On Thu, May 07, 2009 at 04:51:24PM +0800, Sheng Yang wrote: > On Thursday 07 May 2009 16:28:41 Michael S. Tsirkin wrote: > > pci_enable_msix currently returns -EINVAL if you ask > > for more vectors than supported by the device, which would > > typically cause fallback to regular interrupts. > > > > It's better to return the table size, making the driver retry > > MSI-X with less vectors. > > Hi Michael > > I think driver should read from capability list to know how many vector > supported by this device before enable MSI-X for device, as > pci_msix_table_size() did... Drivers can do this, but it's more code. Since pci_enable_msix calls pci_msix_table_size already, let it do the work. Right? > -- > regards > Yang, Sheng > > > > > Signed-off-by: Michael S. Tsirkin <mst@redhat.com> > > --- > > > > Hi Jesse, > > This came up when I was adding MSI-X support to virtio pci driver, > > which does not know the exact table size upfront. > > Could you consider this patch for 2.6.31 please? > > > > > > drivers/pci/msi.c | 6 +++--- > > 1 files changed, 3 insertions(+), 3 deletions(-) > > > > diff --git a/drivers/pci/msi.c b/drivers/pci/msi.c > > index 6f2e629..f5bd1c9 100644 > > --- a/drivers/pci/msi.c > > +++ b/drivers/pci/msi.c > > @@ -687,8 +687,8 @@ int pci_msix_table_size(struct pci_dev *dev) > > * indicates the successful configuration of MSI-X capability structure > > * with new allocated MSI-X irqs. A return of < 0 indicates a failure. > > * Or a return of > 0 indicates that driver request is exceeding the > > number - * of irqs available. Driver should use the returned value to > > re-send - * its request. > > + * of irqs or MSI-X vectors available. Driver should use the returned > > value to + * re-send its request. > > **/ > > int pci_enable_msix(struct pci_dev* dev, struct msix_entry *entries, int > > nvec) { > > @@ -704,7 +704,7 @@ int pci_enable_msix(struct pci_dev* dev, struct > > msix_entry *entries, int nvec) > > > > nr_entries = pci_msix_table_size(dev); > > if (nvec > nr_entries) > > - return -EINVAL; > > + return nr_entries; > > > > /* Check for any invalid entries */ > > for (i = 0; i < nvec; i++) { >
On Thursday 07 May 2009 17:05:06 Michael S. Tsirkin wrote: > On Thu, May 07, 2009 at 04:51:24PM +0800, Sheng Yang wrote: > > On Thursday 07 May 2009 16:28:41 Michael S. Tsirkin wrote: > > > pci_enable_msix currently returns -EINVAL if you ask > > > for more vectors than supported by the device, which would > > > typically cause fallback to regular interrupts. > > > > > > It's better to return the table size, making the driver retry > > > MSI-X with less vectors. > > > > Hi Michael > > > > I think driver should read from capability list to know how many vector > > supported by this device before enable MSI-X for device, as > > pci_msix_table_size() did... > > Drivers can do this, but it's more code. Since pci_enable_msix > calls pci_msix_table_size already, let it do the work. Right? If you don't know the vectors number before you enable MSI-X, how can you setup vectors? I don't think it's proper way to go.
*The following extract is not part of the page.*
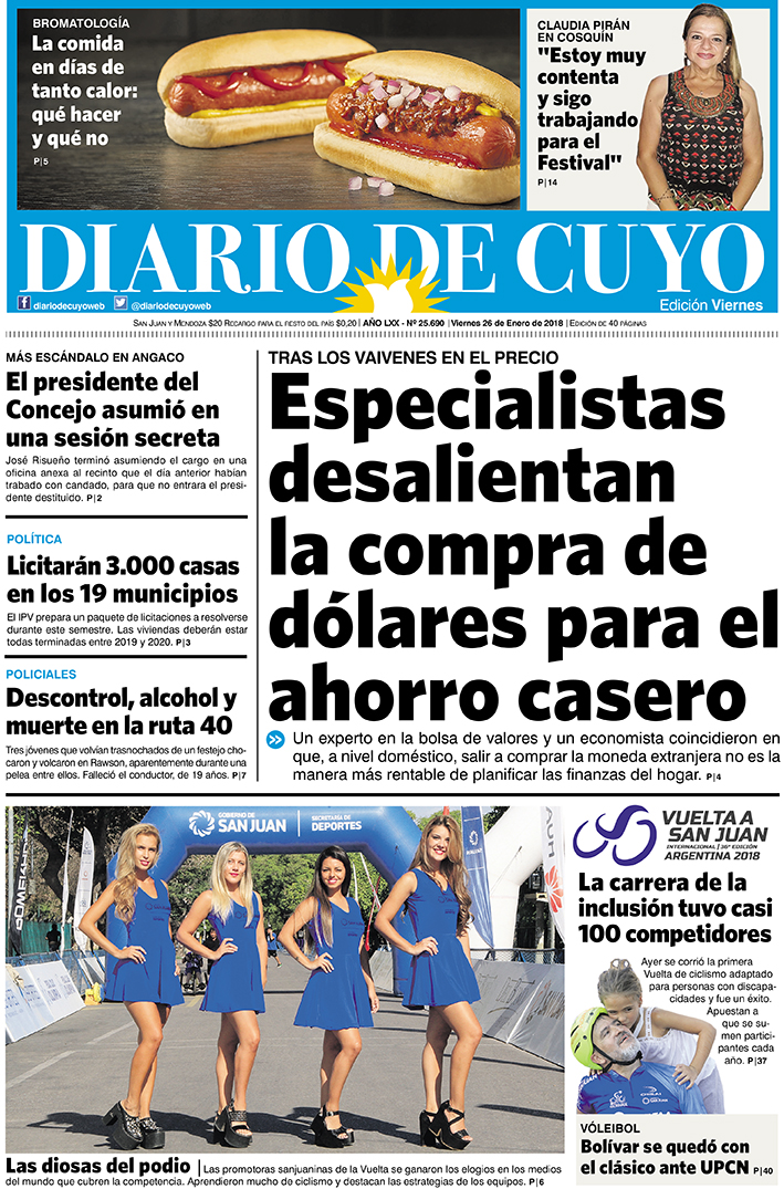 Diario de Cuyo | HOME | Noticias | Tapa Edición Tapa Edición 26 de Enero del 2018 Por Redacción Diario de Cuyo 26/01/2018 · 0:00 Escuchar la noticia Escuchar la noticia Your browser doesn’t support HTML5 audio Tapa Edición Ver los comentarios ›

On Thu, May 07, 2009 at 04:51:24PM +0800, Sheng Yang wrote: > On Thursday 07 May 2009 16:28:41 Michael S. Tsirkin wrote: > > pci_enable_msix currently returns -EINVAL if you ask > > for more vectors than supported by the device, which would > > typically cause fallback to regular interrupts. > > > > It's better to return the table size, making the driver retry > > MSI-X with less vectors. > > Hi Michael > > I think driver should read from capability list to know how many vector > supported by this device before enable MSI-X for device, as > pci_msix_table_size() did... I think Michael's patch makes sense. It reduces the amount of work the driver has to do without requiring any additional work in the core. I don't see the disadvantage to it. Reviewed-by: Matthew Wilcox <willy@linux.intel.com>
On Thu, May 07, 2009 at 05:10:46PM +0800, Sheng Yang wrote: > > > I think driver should read from capability list to know how many vector > > > supported by this device before enable MSI-X for device, as > > > pci_msix_table_size() did... > > > > Drivers can do this, but it's more code. Since pci_enable_msix > > calls pci_msix_table_size already, let it do the work. Right? > > If you don't know the vectors number before you enable MSI-X, how can you > setup vectors? I don't know how many irqs I will be able to get anyway. vectors that can't be assigned are useless ...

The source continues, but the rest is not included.